Владимир Личутин - Раскол. Роман в 3-х книгах: Книга I. Венчание на царство
А если проверить подволоку, да подклети, да кладовые, да вонные амбары с ествою и платьем, без чего сиротой мужик, то никакими ефимками не измерить этой укрепы, того окладного, на чем стоит род кречатьего головщика, царского потешника. Да и то верно: Бог ведает и человеку постановил опасатися нежити и лени, ибо ворог наш израстает из телесной немочи и душевного томления; мужик стоит на вековечной работе, как монах на послушании. Все заповедано и размыслено стариками на собственных страстях, отсюда и наука по памяти и по лишениям. Ведь как задует ветер-морянин, понесет по воле снежные мухи, закидает забоями и заулок, и избу по верхнее жило, когда ни пеши, ни верхи, ни саньми нет ходу – тут, в мезенском подворье, как в осадной крепости, можно переждать любую непогодь, нескончаемую гнетущую завируху. И скот под боком, и всякая кладь, и прожиток; хоть семидневку из избы ни ногою. И тогда невольно возблагодаришь родителя за науку и скопленный приклад. У многа – не у нету, есть что взять...

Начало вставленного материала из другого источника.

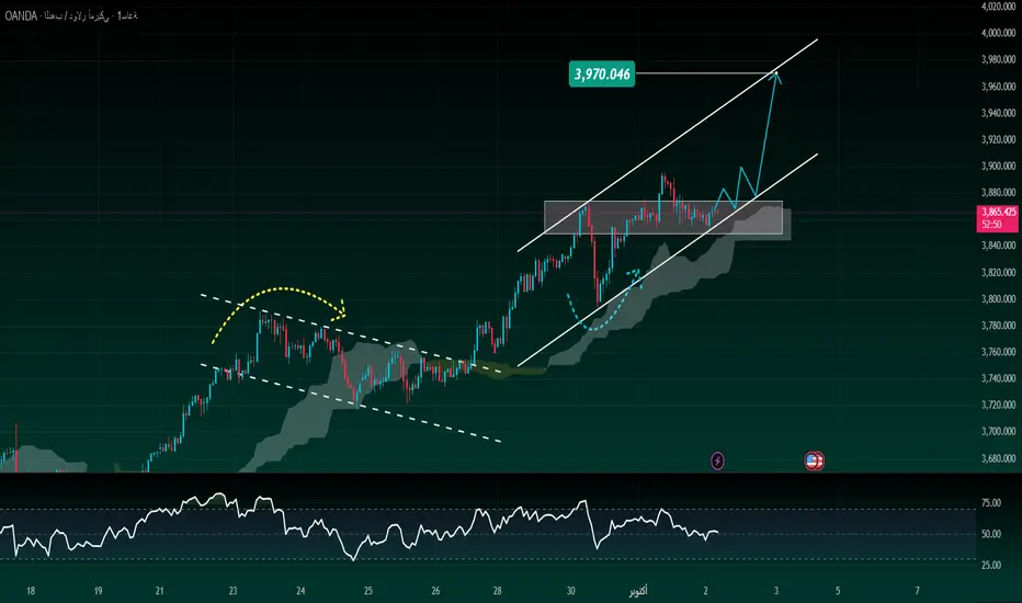 يُظهر مؤشر إيشيموكو أن السعر فوق مستوى السحابة، بينما استعاد مؤشر القوة النسبية توازنه بعد التعديل، مما يفتح مجالًا جديدًا للنمو. الهدف التالي محدد حول 3,970، وهو ما يتوافق مع خط القناة العلوي.

Вдруг вздох задумчивый, утробный прошелся по повети, застукотало в подклети во хлеву: то Чернавка-кормилица дала о себе знать, стосковалась по обряжухе и травяным угодьям. Скоро вскричит берестяная пастушья труба. В проруб на полу скинул инок корове беремце сена: пусть не тоскует. Оказывается, руки-то чесались, томились по заделью. Монах в дому – даровой прилежный работник: проеди на алтын, а прибытку в полтину.
Так чего же остоялся без нужды, чего заискал в избе? коли собрался куда – иди, с Божьего соизволения. Иль чего захотел схитить? иль утаить в безвременье, без догляду, пока мати-просвирница молит Господа о чадах своих? Вдруг пался на глаза Феодору маленький детский саадак с резным витым рогом лука и щетинкою оперенных стрел с костяными копейцами, приторкнутыми оленьими жилами. Его дитячья забава и радость, первый охотничий успех; когда-то сам ладил и лук, и кроил из нерпичьей кожи налучие. Сколько тому времени будет? Не вечность ли? Сказал же святой угодник: работай – и жизнь твоя протечет незаметно.
В тот год с Соловков попадали, с богомолья, когда путину пресек внезапный шторм и воочию увиделась смерть; хлебнув соленого морского рассола, разглядев костлявую Маруху возле своего плеча и расчуяв ее тошнотное дыхание, взмолился, отчаявшись, отрок: «Господи, ежели спасемся, юродивым стану!» И расслышал Спаситель его детский глас. И неуж забылось обещанное? Как мог он, чернец Феодор, запамятовать обет свой, ведь через него и ниспослал Всевышний на тебя благодать Свою.
Феодор достал из саадака лук, выделил березовой стрелкой сердечко, вырезанное в поветных воротах. Повыше сердечка размашистый осьмиконечный крест, написанный дегтем, а в эту прорезь струит с улицы на сумеречную поветь утренний искрящийся луч, уже окрашенный желтым, и от него на полу растеклась дрожащая теплая лужица. Как заманчиво и благостно встать на нес босыми ступнями... Это по-за тундрами, не давши себе отдыху, выпрастывалось из постелей благословенное солнце. Куда метишь-то, инок? иль забыл о монашеском звании, вдруг почуяв себя прежним отроком-мирянином? не в свое ли ерестливое сердце метишь, чтобы отсечь пути назад? Все вершится в тайных небесных приказах, где нет крючкотвора-подьячего с его непременным магарычом, но есть лишь промысел, по-земному называемый судьбою. Опомнись, Феодор: вдруг мати Улита войдет в сию минуту, и пронзишь ты, забавы ради, ее болящее сердце. Но выпустил инок стрелу, и она закачала перьевым хвостом в лиственничном полотне, в желтом натеке серы.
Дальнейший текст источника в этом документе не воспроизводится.